_The problem_
The response should be an exact transcription of the data below, free of images.

_Given material_
★ ★ ★

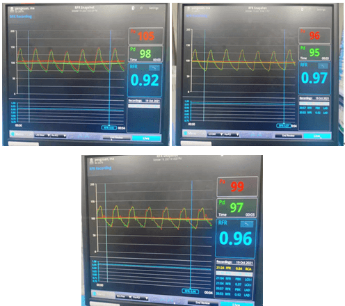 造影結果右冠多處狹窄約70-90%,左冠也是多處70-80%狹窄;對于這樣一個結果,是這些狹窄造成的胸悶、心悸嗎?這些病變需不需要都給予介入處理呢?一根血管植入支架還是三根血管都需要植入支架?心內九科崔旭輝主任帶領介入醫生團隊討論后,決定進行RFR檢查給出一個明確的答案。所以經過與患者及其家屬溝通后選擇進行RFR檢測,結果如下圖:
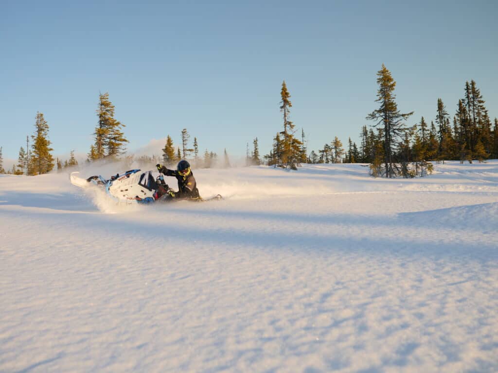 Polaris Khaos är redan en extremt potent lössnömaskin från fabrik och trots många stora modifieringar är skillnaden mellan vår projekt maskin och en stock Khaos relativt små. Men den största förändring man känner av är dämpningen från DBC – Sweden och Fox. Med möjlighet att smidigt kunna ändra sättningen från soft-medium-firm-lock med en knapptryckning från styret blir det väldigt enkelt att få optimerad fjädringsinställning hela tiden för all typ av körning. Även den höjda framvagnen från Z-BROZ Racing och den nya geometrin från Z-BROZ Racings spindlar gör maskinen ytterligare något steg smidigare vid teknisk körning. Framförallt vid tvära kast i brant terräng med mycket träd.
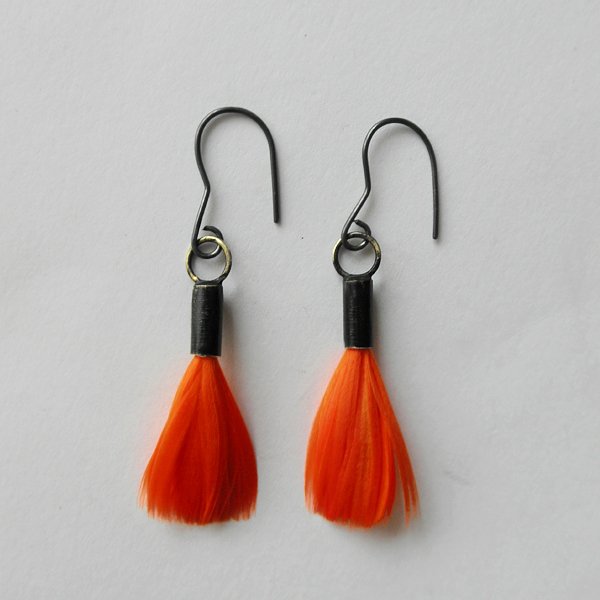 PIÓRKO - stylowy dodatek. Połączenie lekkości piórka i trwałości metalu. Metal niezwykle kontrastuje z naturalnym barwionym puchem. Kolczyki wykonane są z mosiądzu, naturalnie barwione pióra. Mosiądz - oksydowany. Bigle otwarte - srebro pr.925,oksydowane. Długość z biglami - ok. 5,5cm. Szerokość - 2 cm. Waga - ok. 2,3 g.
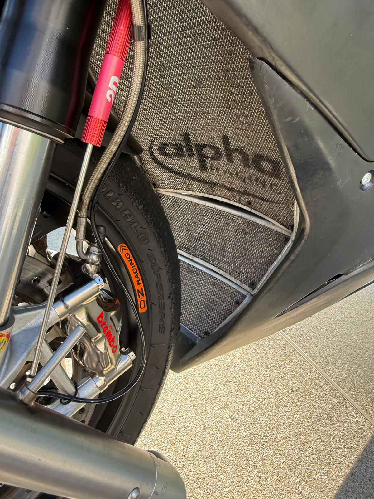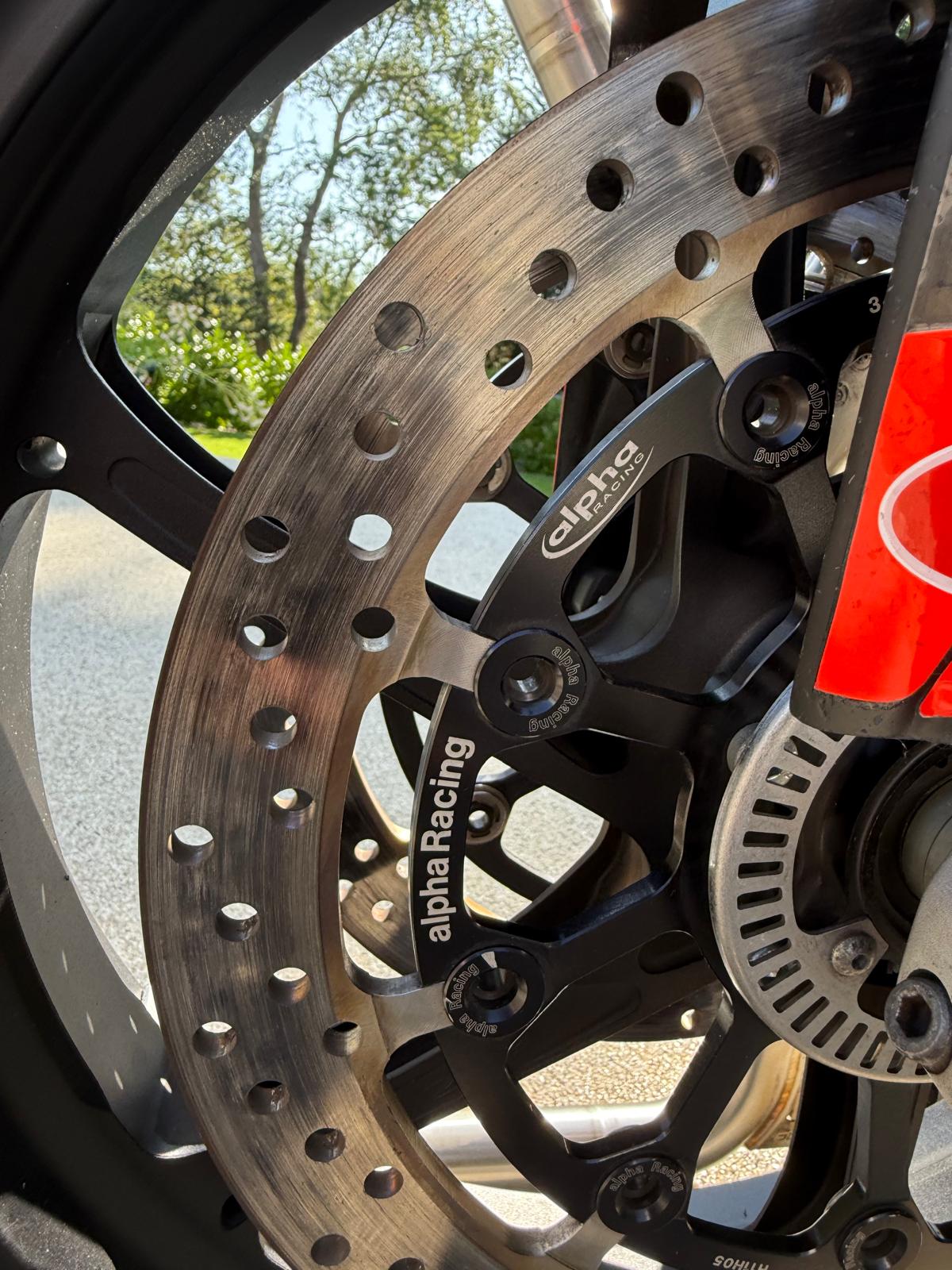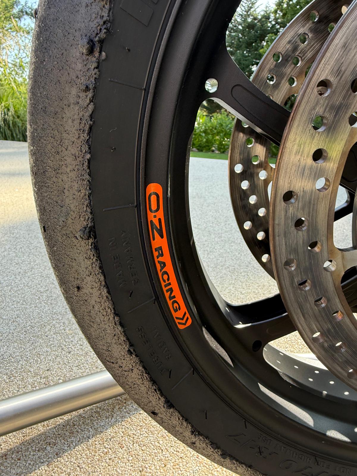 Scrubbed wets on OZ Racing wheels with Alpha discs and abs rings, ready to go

★ ★ ★

_Task solution_
 造影結果右冠多處狹窄約70-90%,左冠也是多處70-80%狹窄;對于這樣一個結果,是這些狹窄造成的胸悶、心悸嗎?這些病變需不需要都給予介入處理呢?一根血管植入支架還是三根血管都需要植入支架?心內九科崔旭輝主任帶領介入醫生團隊討論后,決定進行RFR檢查給出一個明確的答案。所以經過與患者及其家屬溝通后選擇進行RFR檢測,結果如下圖:
 Polaris Khaos är redan en extremt potent lössnömaskin från fabrik och trots många stora modifieringar är skillnaden mellan vår projekt maskin och en stock Khaos relativt små. Men den största förändring man känner av är dämpningen från DBC – Sweden och Fox. Med möjlighet att smidigt kunna ändra sättningen från soft-medium-firm-lock med en knapptryckning från styret blir det väldigt enkelt att få optimerad fjädringsinställning hela tiden för all typ av körning. Även den höjda framvagnen från Z-BROZ Racing och den nya geometrin från Z-BROZ Racings spindlar gör maskinen ytterligare något steg smidigare vid teknisk körning. Framförallt vid tvära kast i brant terräng med mycket träd.
 PIÓRKO - stylowy dodatek. Połączenie lekkości piórka i trwałości metalu. Metal niezwykle kontrastuje z naturalnym barwionym puchem. Kolczyki wykonane są z mosiądzu, naturalnie barwione pióra. Mosiądz - oksydowany. Bigle otwarte - srebro pr.925,oksydowane. Długość z biglami - ok. 5,5cm. Szerokość - 2 cm. Waga - ok. 2,3 g.
 Scrubbed wets on OZ Racing wheels with Alpha discs and abs rings, ready to go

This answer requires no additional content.